Not just a town for deaf people, anyone wanting to experience living in a town whose main language is American Sign Language is welcomed to join the community. Even people who aren’t fluent in sign language but would like to learn it are encouraged. Several issues face the town, however. Maintaining Laurent as a signing town may be difficult if the hearing population increases over the deaf population.

“We know that if either population becomes too dominant, the other will become uncomfortable and feel unwelcome,” Marvin Miller told the Laurent, S.D. website’s Newsroom.

Another issue is the language. When a group of people speaking the same language are confined to a region, they tend to put their own spin on the language. This might interfere with the teaching of American Sign Language in the town.

“There are a lot of different signs for one word. The town might have its own dialect. They have to be careful,” said Ana Martinez, vice president of the sign language club at Guilford.

Started last semester, the club was formed for its members to learn sign language together. ‘ They meet every Wednesday at 8 p.m. in Founders to hold a lesson taught by one of the members. In their study of sign language, they have found that many people do not have much respect for it.
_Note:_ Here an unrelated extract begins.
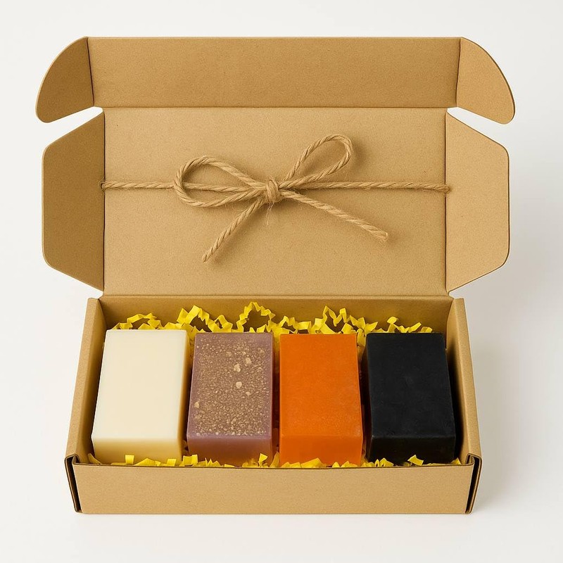 - 🧼 4 Handmade Soap Bars – 110g each 🌿 Natural ingredients: essential oils, plant extracts, goat milk, honey 🌿 Suitable for all skin types, including sensitive skin 🎁 Beautifully packaged – perfect for gifting or spa sets ❌ No SLS, no parabens, no synthetic dyes 🇺🇸 Made in San Diego, California

“It will be interesting to see,” said Madeleine Pope, club president, “if the country will take {the town} seriously.”

Isolation is another worry. Many deaf people in America are beginning to use things like cochlear implants to improve their hearing, and new technology makes it possible for early detection of hearing loss. ‘ People living in Laurent may be missing out on such opportunities.

“I understand the desire to be around people like ourselves … but I don’t think it’s very wise,” said Todd Houston, executive director of the Alexander Graham Bell Association for the Deaf and Hard of Hearing to the New York Times. ‘ “This is a little bit of circling-the-wagons mentality, if you ask me.”

But Miller believes that for people who are comfortable with their lack of hearing, Laurent will be a wonderful place to interact with others on the sign language level. Some are not eligible for things like cochlear implants, and others simply do not want them.

“I do not want one for myself,” he told the New York Times. “I am very happy being deaf. To me, this is like asking a black or Asian person if he/she would take a pill to turn into a white person.”

Planning sessions for the town took place all last week and will continue throughout the spring, until phase one of the town-building of residential homes begins.